*DATASET CONTENT*.
○ ○ ○

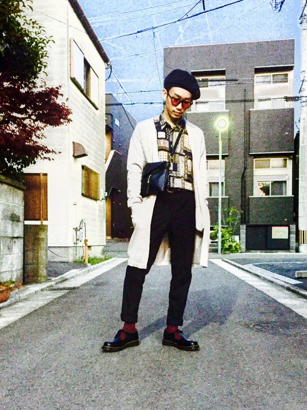 today's code こんばんは、今日は福岡は晴れてポカポカの気持ちいい日でしたね🍀 ゆっちさんが教えてくれた博多阪急の2Fに新しくできたメンズフロアに行ってまいりました ディーゼル以外は基本モードな雰囲気で変わったデザインの服のあるブランドがたくさんでした✨ 1番欲しかったジャケットは198,000円でした あきらめがつきました さて、今日のコーデは先日ZARAで購入したスラックスをベースにコーディネートしました🙋♂️ このスラックスがまたスキニーのようにフィットしてくれて最高のシルエット、しかもサイドに赤の縫合糸が使ってあるので寄るとまたまた可愛い✨ イキってカッコつけてるがために伝えられないのが悔しいです それでもカッコつけます 笑 そして古着の総柄シャツをタックイン、出しててもありでしたが今日はインで♫ 全体的に色が暗かったのでベージュ寄りのグレーのカーディガンを羽織りまして、差し色に靴下でワインレッドを入れました✌️ 靴はおニューでお初のDr.Martinです、最高に可愛いです靴下見せて遊ぶやつ買いました、たまらんです🙈 で、小物を黒でまとめてモード系Vシルエットコーデ完成✨ ポイントはモノトーンになりがちなモード系ですが総柄やワインレッドを取り入れてベーシックなモード系と差別化を図っているところです🙆♂️ 誰かしらの参考になれれば幸いです☺ #
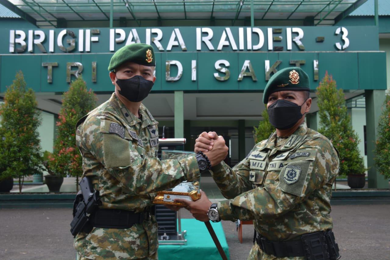 Maros – Komandan Brigif Para Raider 3 Kostrad memimpin acara Penyerahan Jabatan Komandan Detasemen Markas (Dandenma) dan Tradisi Korps pelepasan Perwira Brigif PR 3 Kostrad bertempat di Mabrigif Para Raider 3 Kostrad Kariango, Maros, Sulawesi Selatan. Sabtu (9/06/2022).
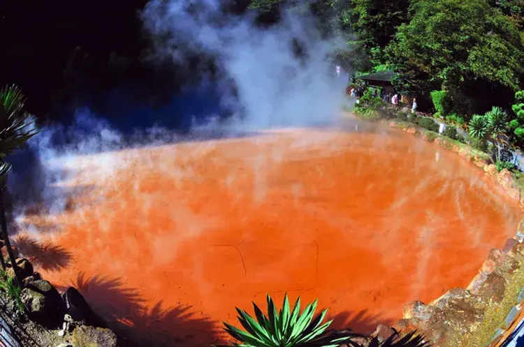 오이타현 벳푸지고쿠(지옥)의 부글부글 끓고 김이 나는 온천은 예로부터 모든 관광객을 놀라게 했습니다. 과거에는 물이 저주받았다고 생각해서 비공식적으로 '벳푸의 지옥'이라는 이름을 얻게 되었습니다. 너무 뜨거워서 직접 들어갈 수는 없지만, 연한 청록색부터 녹슨 붉은색, 우윳빛 흰색까지 다양한 색을 띠고 있습니다. 가마도지고쿠, 즉 '가마 지옥'에서는 거품이 이는 온천의 증기로 다양한 음식들이 요리됩니다. 오이타 전역에서 즐길 수 있는 온천 증기로 요리된 음식은 놓쳐서는 안됩니다! 30-40분마다 간헐천이 분출하는 다쓰마키지고쿠에서는 화산 활동을 경험할 수 있습니다.
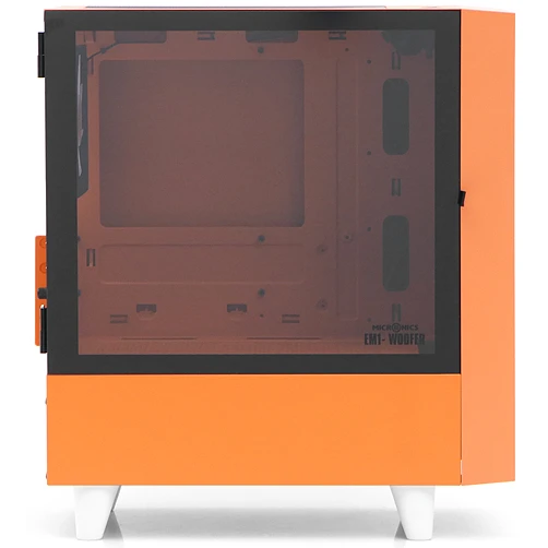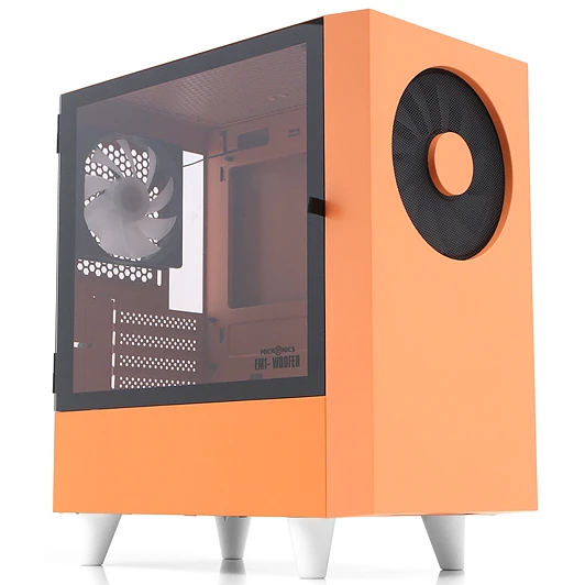 Корпус WIZMAX EM1 Woofer Orange без БП M-ATX Mini-Tower, TG, 1x160mm + LED, 1xUSB-A 3.0 2.0, mATX, mITX

○ ○ ○

*WHAT NEEDS TO BE DONE*. Restate word for word only the lines from the one with "오이타현 벳푸지고쿠(지옥)의 부글부글" through the last line of the material, both included. Any picture should be left out.

*TASK RESULT*.
 오이타현 벳푸지고쿠(지옥)의 부글부글 끓고 김이 나는 온천은 예로부터 모든 관광객을 놀라게 했습니다. 과거에는 물이 저주받았다고 생각해서 비공식적으로 '벳푸의 지옥'이라는 이름을 얻게 되었습니다. 너무 뜨거워서 직접 들어갈 수는 없지만, 연한 청록색부터 녹슨 붉은색, 우윳빛 흰색까지 다양한 색을 띠고 있습니다. 가마도지고쿠, 즉 '가마 지옥'에서는 거품이 이는 온천의 증기로 다양한 음식들이 요리됩니다. 오이타 전역에서 즐길 수 있는 온천 증기로 요리된 음식은 놓쳐서는 안됩니다! 30-40분마다 간헐천이 분출하는 다쓰마키지고쿠에서는 화산 활동을 경험할 수 있습니다.
 Корпус WIZMAX EM1 Woofer Orange без БП M-ATX Mini-Tower, TG, 1x160mm + LED, 1xUSB-A 3.0 2.0, mATX, mITX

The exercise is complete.